The flying work piece then impacts its target, though different parts will contact at different times. As the line of contact moves, typically a jet of ejected surface material forms ahead of the contact line. This jet is beneficial as it effectively cleans the surfaces by ejecting some surface material (removing oxides or contaminants).

During magnetic pulse welding a high plastic deformation is developed along with high shear strain and oxide disruption due to the jet and high temperatures near the collision zone. This leads to a solid-state weld due to the microstructure refinement (dislocation cells, slip bands, micro twins and local recrystallization).

==Principles==
In order to achieve a strong weld, several conditions have to be reached:
- Jetting condition: the collision has to be subsonic compared to the local material's speed of sound to generate a jet.
- High pressure regime: the impact velocity has to be sufficient to obtain a hydrodynamic regime, otherwise the parts will only be crimped or formed.
- No fusion during the collision: If the pressure is too high, the materials can locally melt and re-solidify. This can cause a weak weld.

The main difference between magnetic pulse welding and explosive welding is that the collision angle and the velocity are almost constant during the explosive welding process, while in magnetic pulse welding they continuously vary.

==Numerical simulations of MPW==
Various numerical investigations were carried out to predict the interface behavior of the MPW and the in-flight behavior of the flyer to determine the collision conditions. Generally, the flyer velocity prior to the impact governs the interfacial phenomena. This is the characteristic parameter that should be known based on the process and adjustable process parameters.
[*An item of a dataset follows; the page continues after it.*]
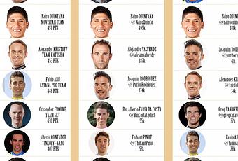 Y Fabio Aru, ganador de la vuelta de este año, ¿por qué está tan abajo en el ranking Twitter e Instagram? Mi teoría es que debido a su reciente explosión (en comparación con los otros dos gallos) todavía es pronto para alcanzar las cifras tan elevadas de sus competidores. Pero, con el tiempo, es probable que vaya escalando posiciones.

Although experimental measurements using laser velocimetry methods provide an accurate assessment of the flyer velocity; one example of such measurement is Photon Doppler velocimetry (PDV); numerical computation offers a better description of the flyer velocity in terms of spatial and temporal distribution.

A multi-physics computation of the MPW process can take into account of the electrical current through the coil and compute the physical behavior for an electromagnetic-mechanical coupled problem. These simulations also allow the thermal effect during the process to be included. A 3D example model used for LS-DYNA simulation is also used, and it also provides some details of the physical interactions of the process, the governing equations, the resolution procedure, and both boundary and initial conditions. The model is used to show the capability of 3D computation to predict the process behavior and particularly, the flyer kinematics and macroscopic deformation.